━━ Source data

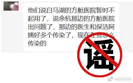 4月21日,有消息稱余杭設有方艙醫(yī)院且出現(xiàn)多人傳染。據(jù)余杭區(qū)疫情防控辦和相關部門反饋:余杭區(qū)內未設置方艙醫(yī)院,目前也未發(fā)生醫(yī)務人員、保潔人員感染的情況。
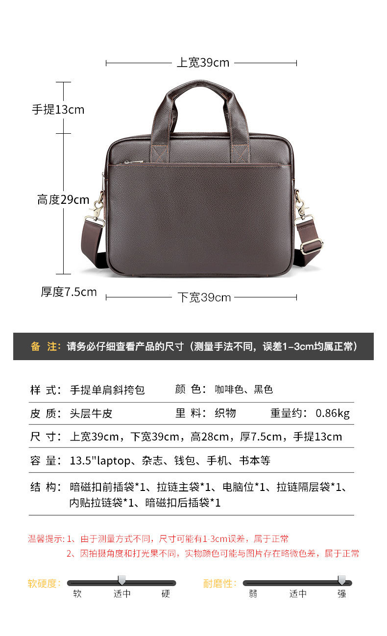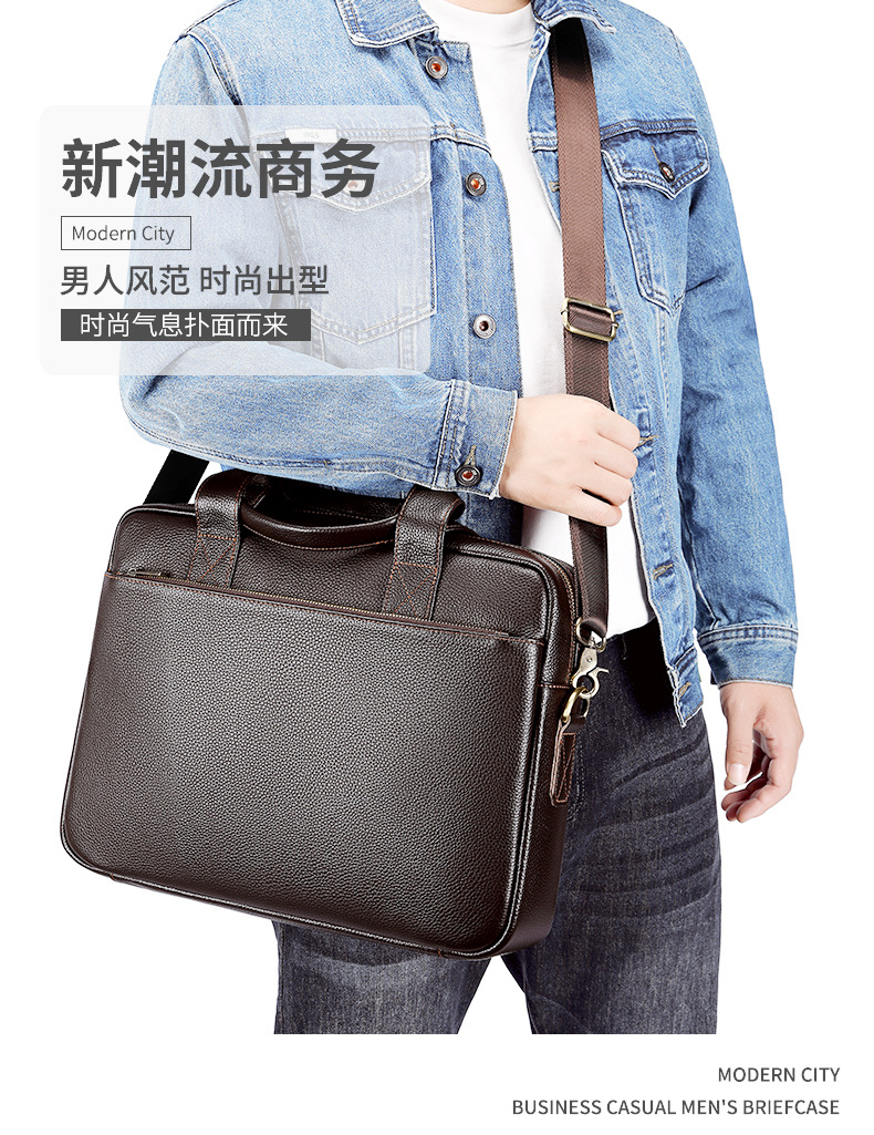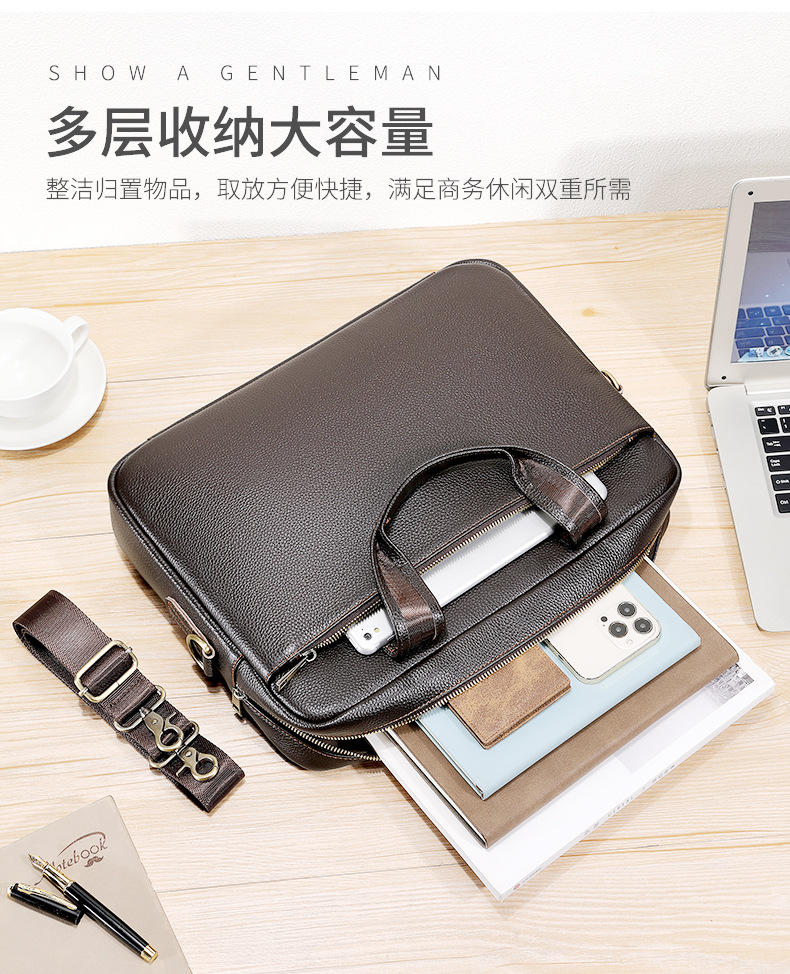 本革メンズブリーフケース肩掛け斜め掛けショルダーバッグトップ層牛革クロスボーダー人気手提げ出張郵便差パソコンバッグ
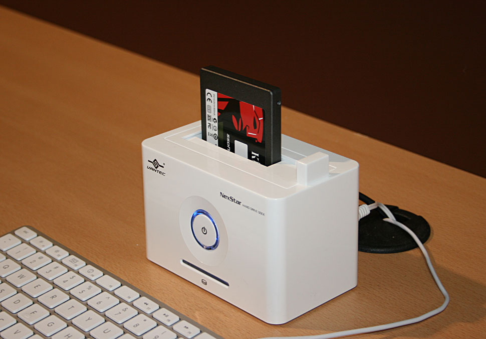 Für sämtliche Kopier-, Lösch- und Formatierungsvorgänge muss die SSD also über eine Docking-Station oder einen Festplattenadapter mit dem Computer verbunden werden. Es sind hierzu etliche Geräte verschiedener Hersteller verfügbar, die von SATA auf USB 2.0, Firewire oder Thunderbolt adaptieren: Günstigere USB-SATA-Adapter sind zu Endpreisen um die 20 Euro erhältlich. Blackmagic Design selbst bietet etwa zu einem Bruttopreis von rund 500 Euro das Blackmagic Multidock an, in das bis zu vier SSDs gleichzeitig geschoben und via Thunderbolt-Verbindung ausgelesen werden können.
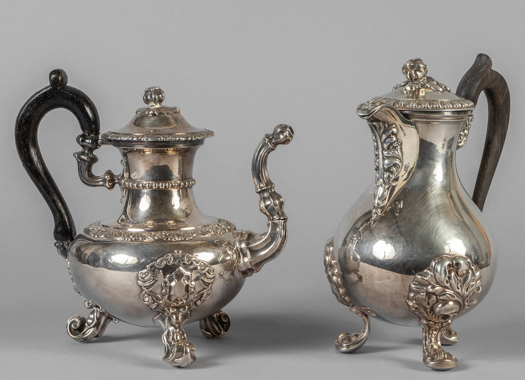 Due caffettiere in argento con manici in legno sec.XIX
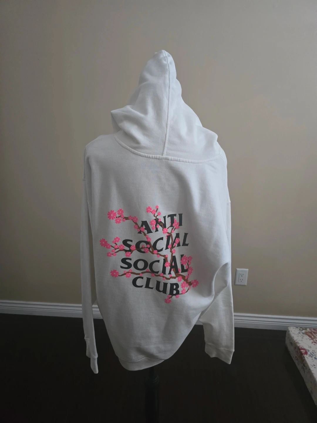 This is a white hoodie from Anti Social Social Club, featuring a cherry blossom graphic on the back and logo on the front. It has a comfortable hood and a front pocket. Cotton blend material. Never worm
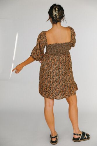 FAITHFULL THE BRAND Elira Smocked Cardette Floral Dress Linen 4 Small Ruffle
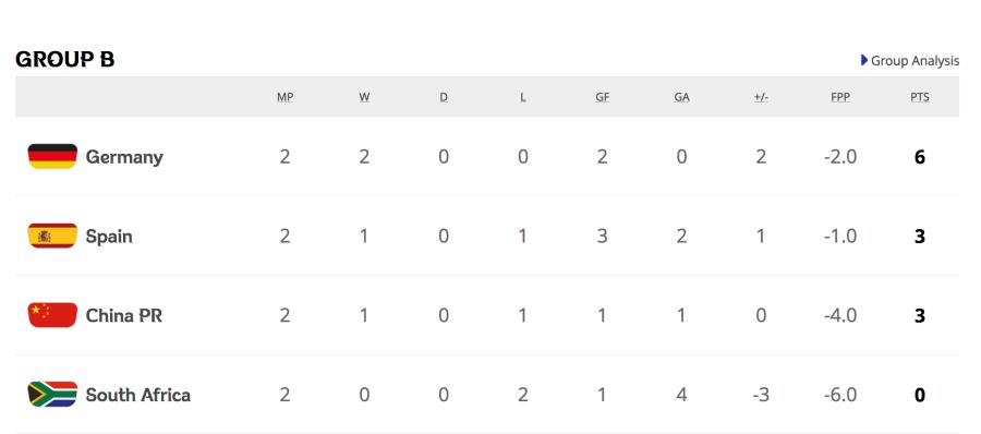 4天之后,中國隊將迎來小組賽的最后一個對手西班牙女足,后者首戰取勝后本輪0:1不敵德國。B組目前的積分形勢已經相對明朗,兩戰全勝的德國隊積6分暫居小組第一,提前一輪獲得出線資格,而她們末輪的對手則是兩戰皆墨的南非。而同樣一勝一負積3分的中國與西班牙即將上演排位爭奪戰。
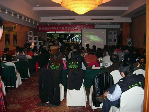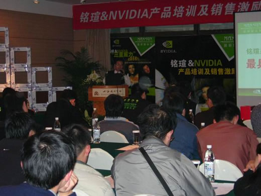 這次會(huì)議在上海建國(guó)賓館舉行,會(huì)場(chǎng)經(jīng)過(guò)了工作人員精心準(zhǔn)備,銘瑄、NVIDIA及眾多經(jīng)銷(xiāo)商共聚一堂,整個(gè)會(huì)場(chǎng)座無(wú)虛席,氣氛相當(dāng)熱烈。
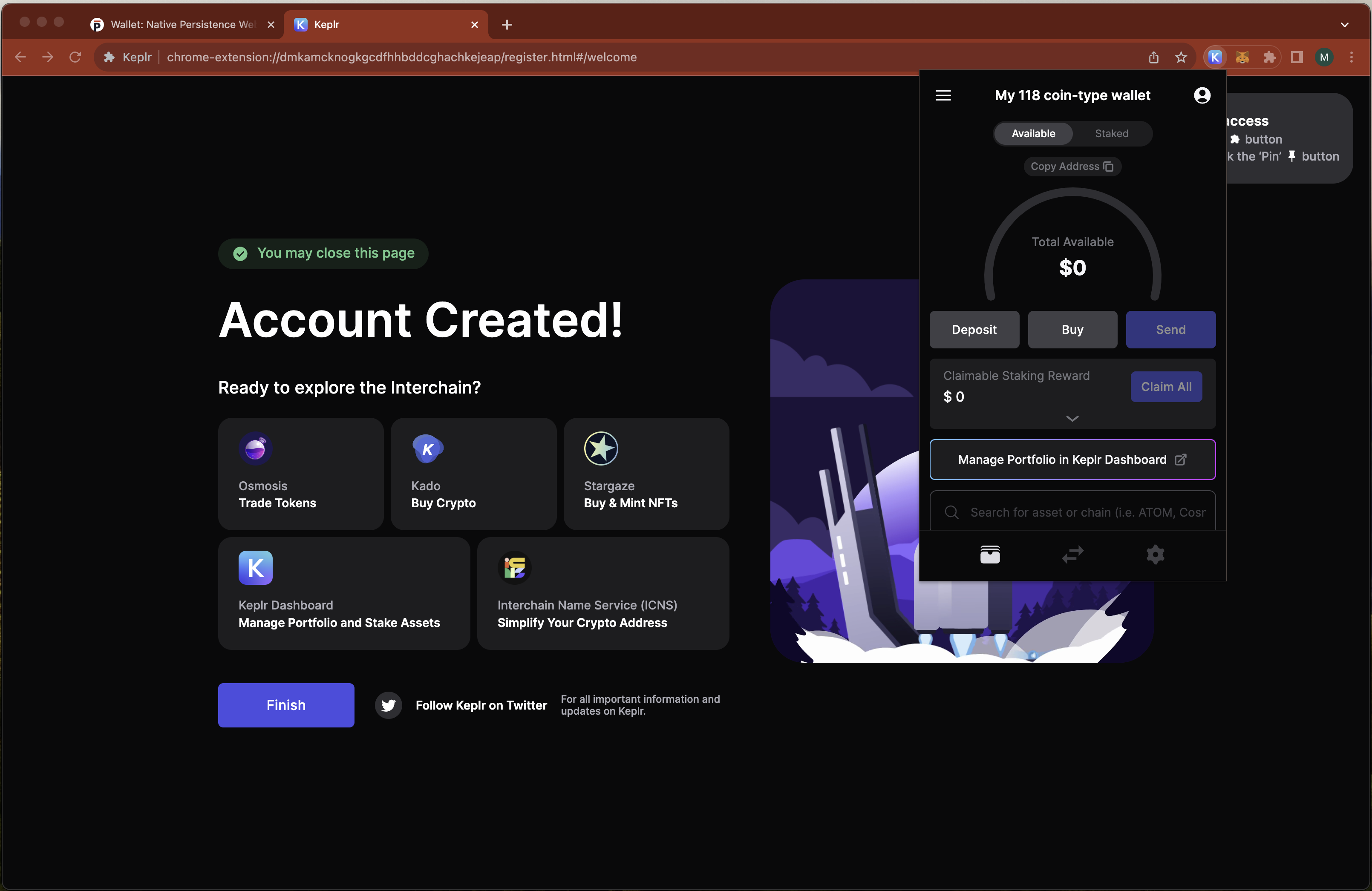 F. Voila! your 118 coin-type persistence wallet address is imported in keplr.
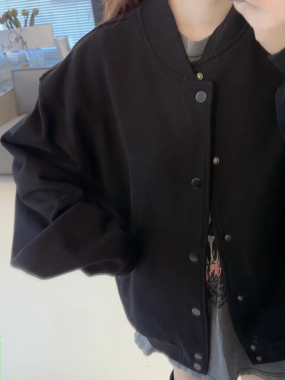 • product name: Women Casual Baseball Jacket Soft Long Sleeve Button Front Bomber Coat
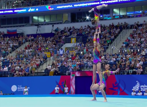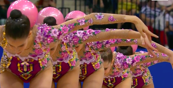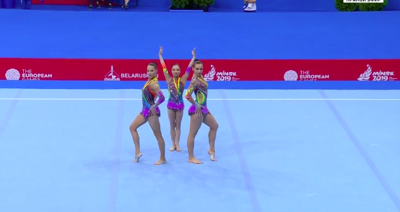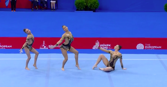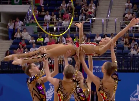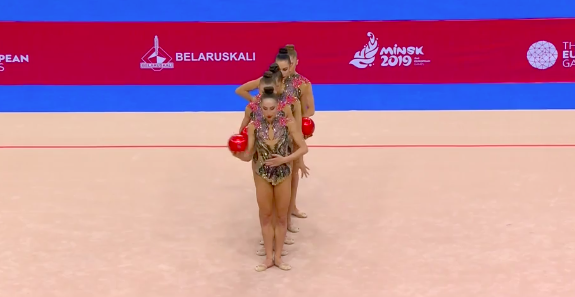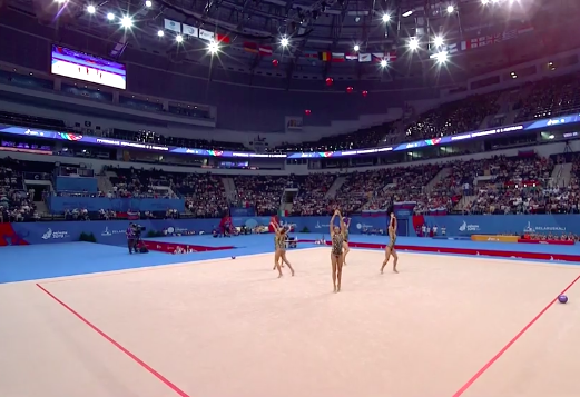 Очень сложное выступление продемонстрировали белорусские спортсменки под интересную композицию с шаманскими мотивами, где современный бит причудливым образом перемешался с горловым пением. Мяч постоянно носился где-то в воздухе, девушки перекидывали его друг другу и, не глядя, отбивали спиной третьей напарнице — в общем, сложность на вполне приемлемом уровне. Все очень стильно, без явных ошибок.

━━━━

▶ [Action item]: Copy out only the lines beginning at the line with "FAITHFULL THE BRAND" and ending at the last line of the entries. Keep them exact; drop pictures.

▶ [Exercise result]:
 FAITHFULL THE BRAND Elira Smocked Cardette Floral Dress Linen 4 Small Ruffle
 4天之后,中國隊將迎來小組賽的最后一個對手西班牙女足,后者首戰取勝后本輪0:1不敵德國。B組目前的積分形勢已經相對明朗,兩戰全勝的德國隊積6分暫居小組第一,提前一輪獲得出線資格,而她們末輪的對手則是兩戰皆墨的南非。而同樣一勝一負積3分的中國與西班牙即將上演排位爭奪戰。
 這次會(huì)議在上海建國(guó)賓館舉行,會(huì)場(chǎng)經(jīng)過(guò)了工作人員精心準(zhǔn)備,銘瑄、NVIDIA及眾多經(jīng)銷(xiāo)商共聚一堂,整個(gè)會(huì)場(chǎng)座無(wú)虛席,氣氛相當(dāng)熱烈。
 F. Voila! your 118 coin-type persistence wallet address is imported in keplr.
 • product name: Women Casual Baseball Jacket Soft Long Sleeve Button Front Bomber Coat
 Очень сложное выступление продемонстрировали белорусские спортсменки под интересную композицию с шаманскими мотивами, где современный бит причудливым образом перемешался с горловым пением. Мяч постоянно носился где-то в воздухе, девушки перекидывали его друг другу и, не глядя, отбивали спиной третьей напарнице — в общем, сложность на вполне приемлемом уровне. Все очень стильно, без явных ошибок.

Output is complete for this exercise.